There are 13 genes only in `biomart` result:

```{r}
biomart_sym[!biomart_sym %in% transid_sym] %>% head()
biomart_res %>%
  filter(external_gene_name %in% "KLRK1") %>%
  pull(entrezgene_id)
```

When we search NCBI `r Entrez(100528032)` and we could see the official symbol is "KLRC4-KLRK1". When we look back into `transId` and `bitr` result, they are the same with NCBI web.

```{r}
bitr_res %>%
  filter(ENTREZID == "100528032") %>%
  pull(SYMBOL)
transid_res %>%
  filter(input_id %in% "100528032") %>%
  pull(symbol)
```

## Excercise 2: mixture of gene symbol and alias {#transid-ex2-data}

Compared with Entrez and Ensembl, gene symbol and alias is hard to distinguish. In real science life, the impact of misunderstanding both names is huge.

[Takehara et al. (2018)](https://pubmed.ncbi.nlm.nih.gov/29731861/) had to retract the published paper by its authors just because they misused "TAZ" as the actual research target "WWTR1" in which "TAZ" is an alias of "WWTR1".

The similar issues have published in paper: [The risks of using unapproved gene symbols](https://www.sciencedirect.com/science/article/pii/S0002929721003402). Of course, it is not only happens in human research. So we must raise alert of gene alias.


### **`HGNChelper` vs `transId`**

`r CRANpkg("HGNChelper")` is mainly built for human research, so here we will give simple human gene list as example.

```{r}
id <- c("TBET", "B220", "BCC7", "PD1", "PDL1")

transid_res <- genekitr::transId(id, transTo = "sym", unique = FALSE)
transid_res

hgnc_res <- HGNChelper::checkGeneSymbols(id)
hgnc_res
```

The first three genes are omitted in `HGNChelper`.

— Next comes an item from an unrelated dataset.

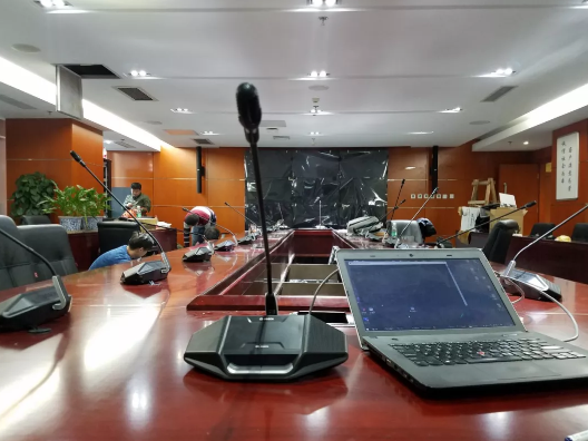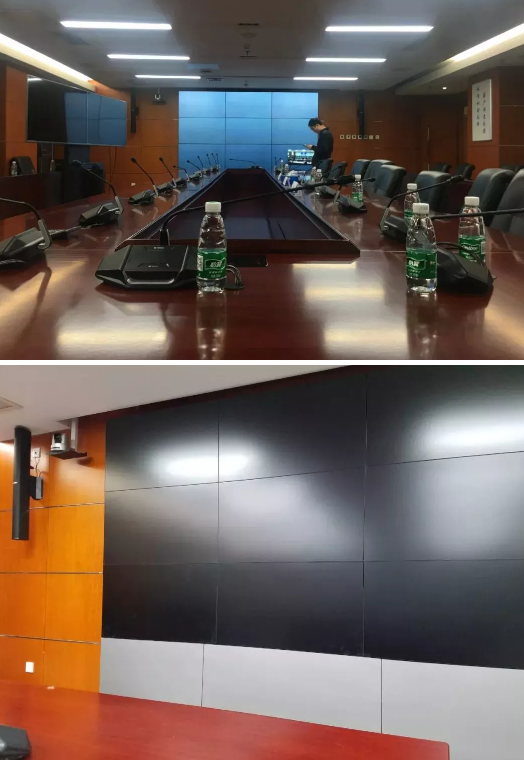 贵宾接待室主要接待访客,所以并没有配备视频会议终端,主要配置了吸顶扬声器、无线主机、无线话筒、音响系统等等。

### **`GeneSymbolThesarus` vs `transId`**

`GeneSymbolThesarus` is a function of `r CRANpkg("Seurat")` which finds current gene symbols from  the HUGO Gene Nomenclature Committee (HGNC). It will search online so the speed will not fast.

```{r message=TRUE}
library(Seurat)
start <- Sys.time()
seurat_res <- Seurat::GeneSymbolThesarus(symbols = id)
end <- Sys.time()
(end - start)

seurat_res
```

Seurat only returns one records.

### **`alias2Symbol` vs `transId`**

`alias2Symbol` is a function of `r Biocpkg("limma")` which depends on organism annotation package of Bioconductor. 

```{r}
limma_res <- limma::alias2Symbol(id, species = "Hs")
# compare with transId result
id
limma_res
transid_res$symbol
```

It seems that `alias2Symbol` result remains disorder from input id, which may cause misunderstanding for users, while `transId` keeps the original order (if user want to get one-to-one match, just pass `unique = TRUE` to function).